Common treatments for PTSD include mindfulness meditation and pharmacotherapy with SSRIs or SNRIs. Mindfulness meditation is generally well-tolerated with minimal side effects, though some individuals may experience temporary increases in anxiety or emotional discomfort as they become more aware of their thoughts and feelings. SSRIs and SNRIs, while effective, can have side effects such as nausea, insomnia, sexual dysfunction, and increased risk of bleeding. These medications may also cause withdrawal symptoms if discontinued abruptly. Combining mindfulness practices with pharmacotherapy can help manage PTSD symptoms while potentially mitigating some of the side effects associated with medication alone.

What prior FDA approvals exist?

The FDA has approved several medications for the treatment of Post-Traumatic Stress Disorder (PTSD), including selective serotonin reuptake inhibitors (SSRIs) such as sertraline and paroxetine. These medications primarily address the chemical imbalances in the brain associated with PTSD. While the FDA has not specifically approved nature-based or virtual mindfulness interventions for PTSD, these approaches are being studied for their potential to reduce perceived stress and increase psychological resilience. Mindfulness-based stress reduction (MBSR) and other mindfulness techniques have shown promise in clinical trials for improving symptoms of PTSD, but they are generally considered complementary therapies rather than primary FDA-approved treatments.

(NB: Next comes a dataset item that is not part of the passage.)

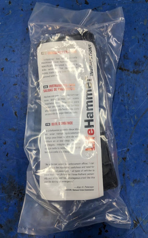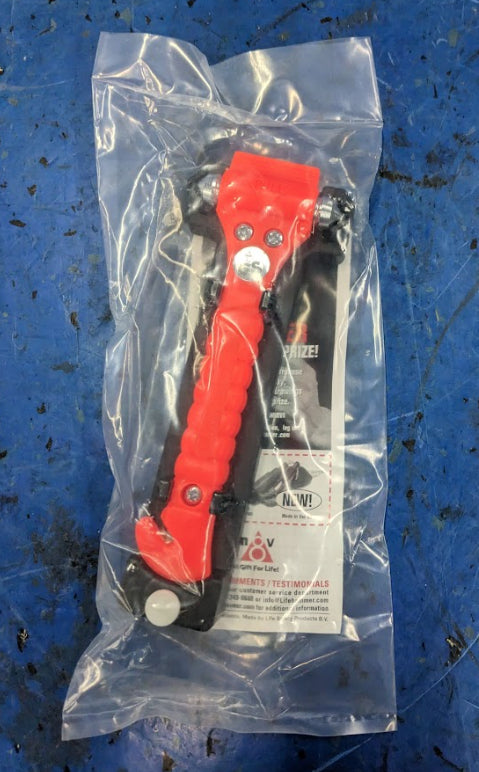 Emergency Exit Hammer.Auto Escape Hammer: Essential automobile safety equipment. Don't get trapped in your car. Use the LifeHammer auto escape tool when doors are jammed, the seat belt is stuck, and breaking the window is the only way out! Remove LifeHammer from the Mounting by pulling hammer end labeled 'pull'. Cut unreleased seat belts with the razor-sharp blade on this emergency escape hammer. Smash a side window with the quality double-tipped safety auto escape hammer. Swing this travel safety device a hammer. Escape! To escape entrapment in flooded or burning vehicle, add the LifeHammer emergency escape tool to your tool kits. Luminescent pin on auto escape hammer lets you locate it quickly even in complete darkness. Used by many firemen, police and paramedics. Fastest way to remove children's car seats in emergencies. FREE holder is included for convenient mounting and storage inside your car. Life Hammer Car Escape Hammer Travel Safety Features: LifeDon't be trapped in your car. The original orange emergency exit hammer. Cut seat belt with razor sharp cutter. Break out window with double tipped hammer. Mounting bracket. Weight: 4 oz. Length: 6.75 inches. Made in Netherlands.
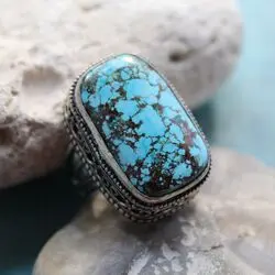 Кольцо из бирюзы в кружевной оправе

What other types of research exist?

Promising novel alternatives for PTSD treatment in 2024 include: 1) Psilocybin-assisted psychotherapy, which has shown sustained reductions in psychiatric and existential distress in patients with life-threatening conditions. 2) MDMA-assisted psychotherapy, which has been recognized for its potential in treating PTSD, with expanded access programs approved by the FDA. 3) Cognitive Behavioral Therapy for Insomnia (CBT-I), which can address sleep-related issues often associated with PTSD and improve overall psychological well-being. 4) Mindfulness-Based Cognitive Therapy (MBCT), which has been effective in managing psychological distress and improving quality of life in cancer patients and could be adapted for PTSD.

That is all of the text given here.